A Christian Science perspective.

The topic of governmental “pork,” or earmarks, was a hot topic during the last US presidential campaign. Now it’s an issue in local elections, as many jurisdictions work out their annual budgets.

Pork barrel spending essentially involves elected officials’ funding of special projects outside the normal structures of review and accountability. Sometimes the projects seem worthwhile and cost effective, but oftentimes they are superfluous and wasteful. In any case, these practices stem from the assumption that good is limited, and that it’s therefore justifiable to fight, even greedily, for a slice of the pie.

Early in my government career I glimpsed how prayer could help ensure that needs, instead of greed, can be met. I was tasked with coordinating a feasibility study related to a proposed pork project, where funds to purchase a small suburban strip mall had been placed in the parks department budget. The project’s alleged purpose was to provide more parking for a neighboring historic site, but the proposed purchase price seemed well beyond the market (as well as the parks department’s normal budget), and the historic site really didn’t need more parking.

After a somewhat contentious public hearing, I paused to pray to see what else might be done to shine light on the situation and ensure that any funding augmentations for the parks would be for necessities, not excesses. I had a sense that divine Love governs and sustains all, and that fear and greed can be cleared away as we align our treasures and hearts – our thoughts, motives, desires – with Love. Then we move beyond the picture of a limited material pie, and find all we need.

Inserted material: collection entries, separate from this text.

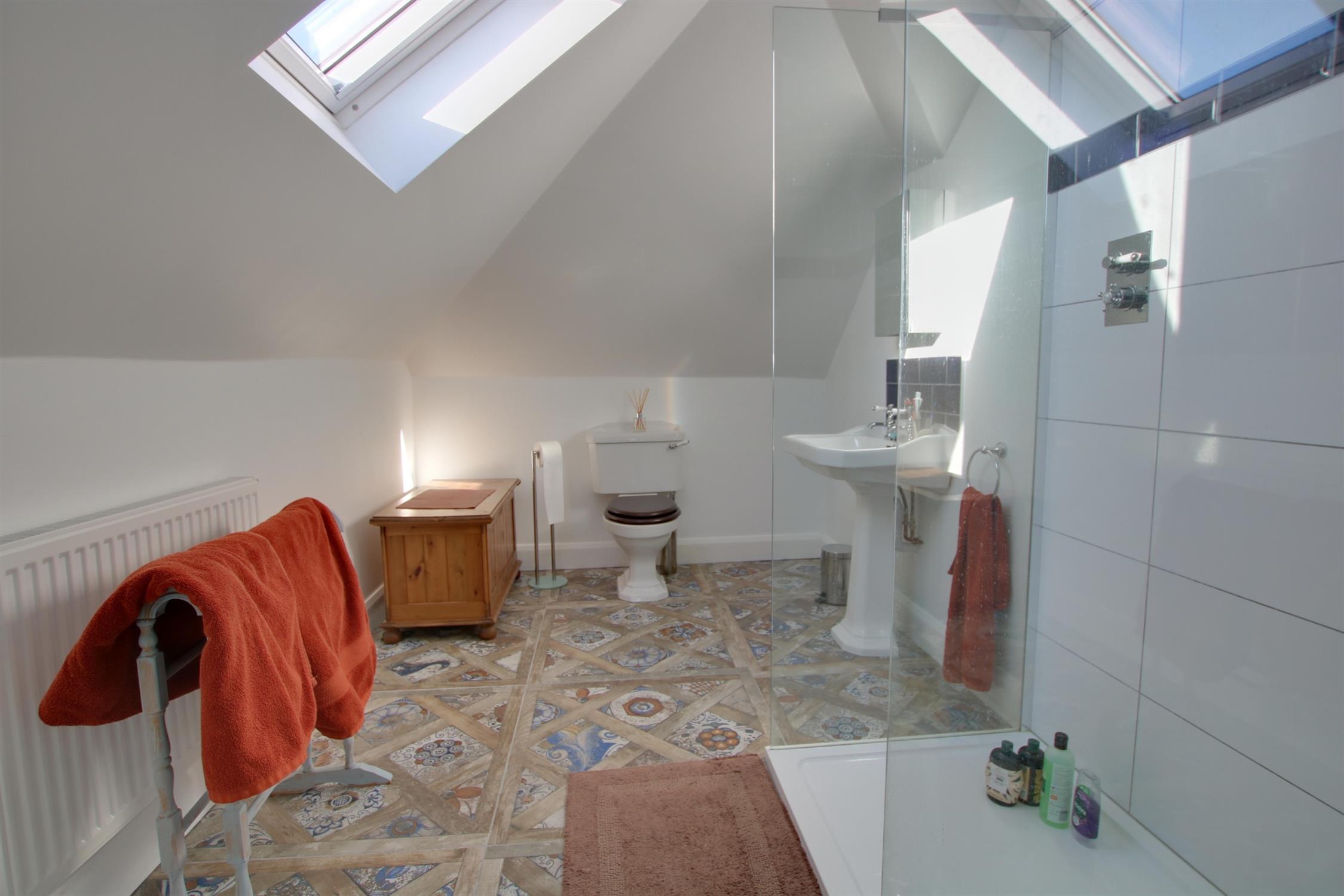 Double glazed velux window to side aspect. Smooth ceiling. Extractor. Tiled walk-in shower cubicle with rainfall shower head, pedestal wash basin and low level flush w.c. Radiator. Tiled flooring.
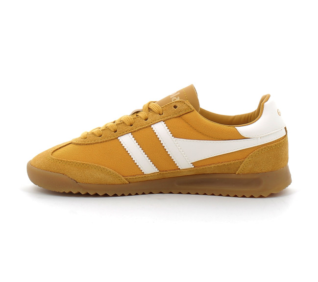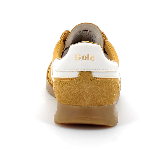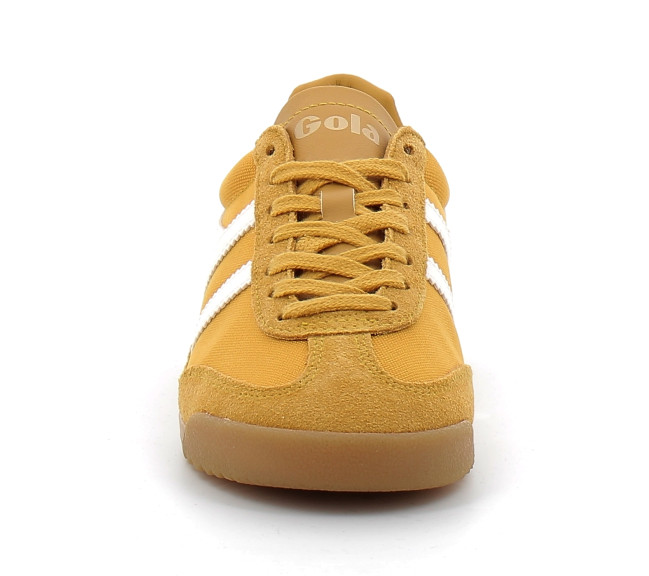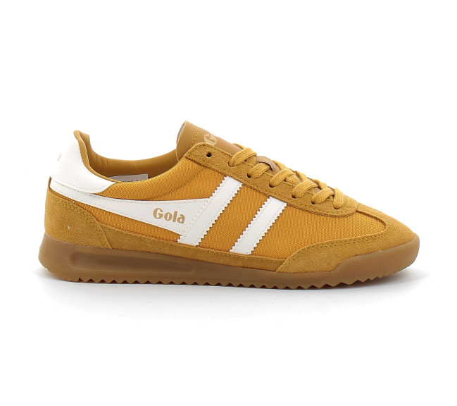 Alors que les baskets inspirées des terrasses font l'objet de nombreuses discussions, la Gola Tornado s'impose avec la rapidité que son nom suggère. Sa tige en nylon épais jaune soleil est agrémentée de finitions en daim assorties sur la pointe, le talon et la face des lacets, contrastant avec une bordure latérale Gola blanc cassé à bords en dents de scie. Posée sur une semelle compensée en gomme, la Tornado pour femme offre un look classique et authentique.
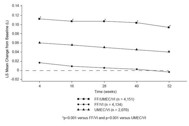 Die Wirkungen auf die Lungenfunktion, bezogen auf das Talspiegel-FEV1 (Änderung des Talspiegel-FEV1 gegenüber dem Ausgangswert), von FF/UMEC/VI im Vergleich zu FF/VI und UMEC/VI wurden zu allen Erhebungszeitpunkten im Verlauf der 52-wöchigen Studie beobachtet (siehe Abbildung 1).
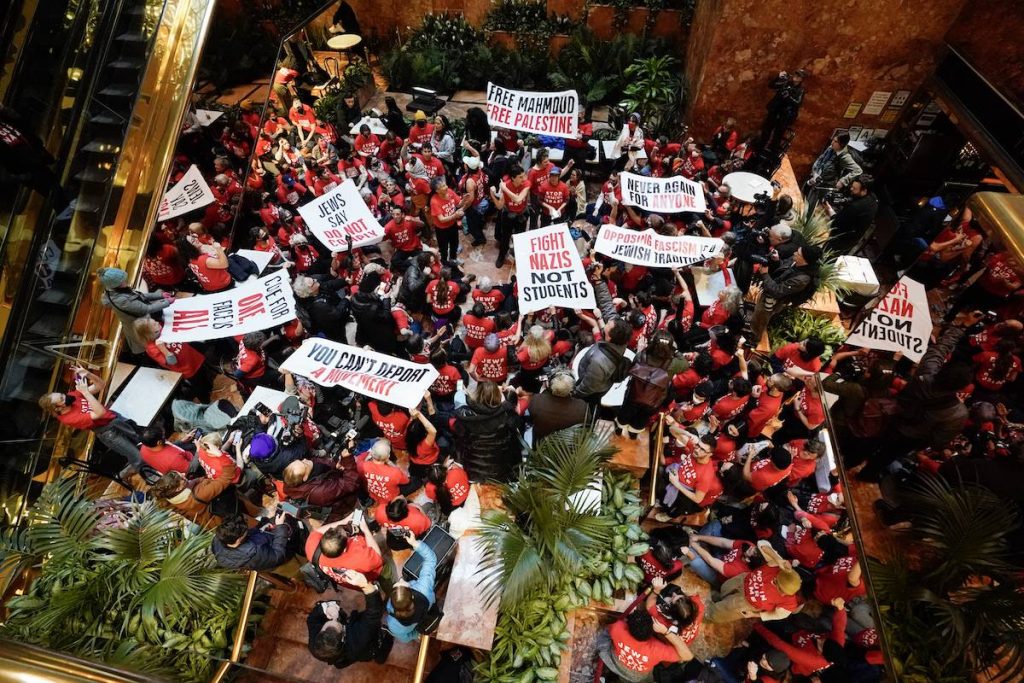 يهتف “محمود حر ، حررهم جميعًا!” “نريد العدالة ، هل تقول كيف؟ أحضر محمود إلى المنزل الآن! ” و “قتال النازيين ، وليس الطلاب!” ملأ المتظاهرون مع المجموعة اليهودية من أجل السلام ردهة برج ترامب ، معربًا عن معارضتهم لاعتقال الناشط.
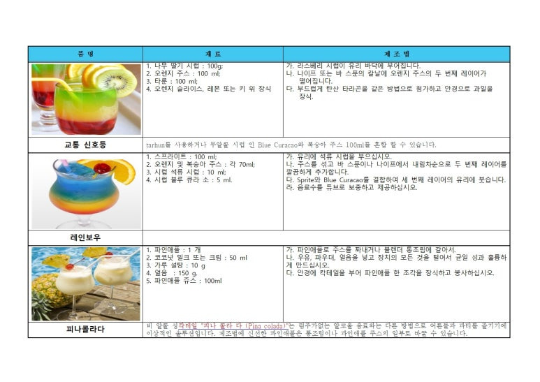 무알콜 칵테일(모크테일, Mocktail)은 술이 들어가지 않으면서도 맛과 분위기를 즐길 수 있는 간단하고 인기있는 음료 몇가지를 소개할게요
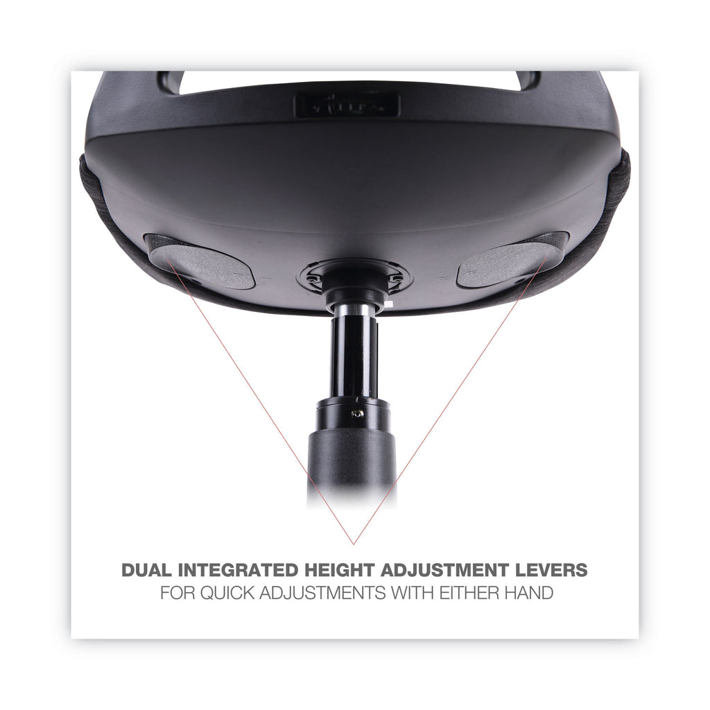 Advanced active ergonomics goes from sitting to standing with ease. Pivoting angled column moves with the body for constant alignment. Perch or lean when you wish to perform fast tasks or fully sit down when you wish to concentrate on more complicated tasks. Goes from sitting height to standing height. Perfect for use with height adjustable workstations. Auto return swivel seat moves with the body as you twist, and returns to front automatically when you get up. Dual integrated height adjustment levers for quick adjustments with either hand. Wide boomerang base for stability when leaning far forward.
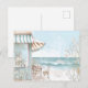 Escape to the serene beauty of the coast with our stunning watercolor postcard featuring a white and blue coastal landscape. Perfect for all beach lovers and sea enthusiasts. Let the calming waves and sandy shores bring a piece of the ocean to you wherever you are. Order now and let your mind drift away to the seaside paradise.
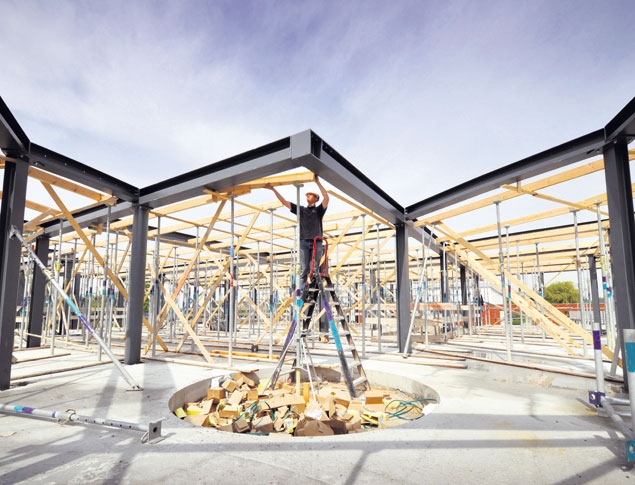 Met aan zijn voeten de verpakkingsresten van de ankers van de staalconstructie, stelt een medewerker van bouwbedrijf De Vries en Verburg uit Stolwijk in Delft de onderslagen voor de vloer van de gymzaal van de brede school De Harnaschpolder.

It came to me to again contact the part-time ranger who, with a volunteer staff, managed the adjacent historic site, and ask exactly what that park did need. He informed me that the critical need was to seismically retrofit an existing historic structure so it could be accessed by visitors and used as a museum. The estimated cost of that work was about 1 percent of the proposed mall purchase price, and after I provided this information with the completed study for the decisionmakers’ consideration, the mall purchase was dropped from the budget and funds were provided for the building retrofit.

I was grateful for this small but encouraging example of how cherishing a need overcame greed and waste. I’ve found it helpful to continue to ask myself how I can lessen fear, greed, and self-interest in my own thinking and living. Am I leaning on luck or human influence in order to get a piece of the action? Jesus advised: “Lay not up for yourselves treasures upon earth ... but lay up for yourselves treasures in heaven .... For where your treasure is, there will your heart be also” (Matt. 6:19-21).

Prayerfully considering what we treasure helps us separate needs from wants, and eliminates both the fear of lack and the desire for more, which often drive pork spending requests and decisions. Prayer shifts our focus beyond the material pie to the true source of all supply, one good and infinite God. Prayer shifts the heart from earth to heaven, from matter to Spirit. This enables one to more clearly see that divine Love, God, is omnipresent and omnipotent, and that Love, as Mary Baker Eddy noted, “always will meet every human need” (“Science and Health with Key to the Scriptures,” p. 494), without lobbying or earmarking on our part.

As we gain a clearer consciousness of spiritual reality and our eternal connection to our spiritual source, God, we realize that we don’t need a bigger material pie, a thicker slice of it, or closer ties to those cutting it. What we need is to recognize and accept the spiritual good that’s always available.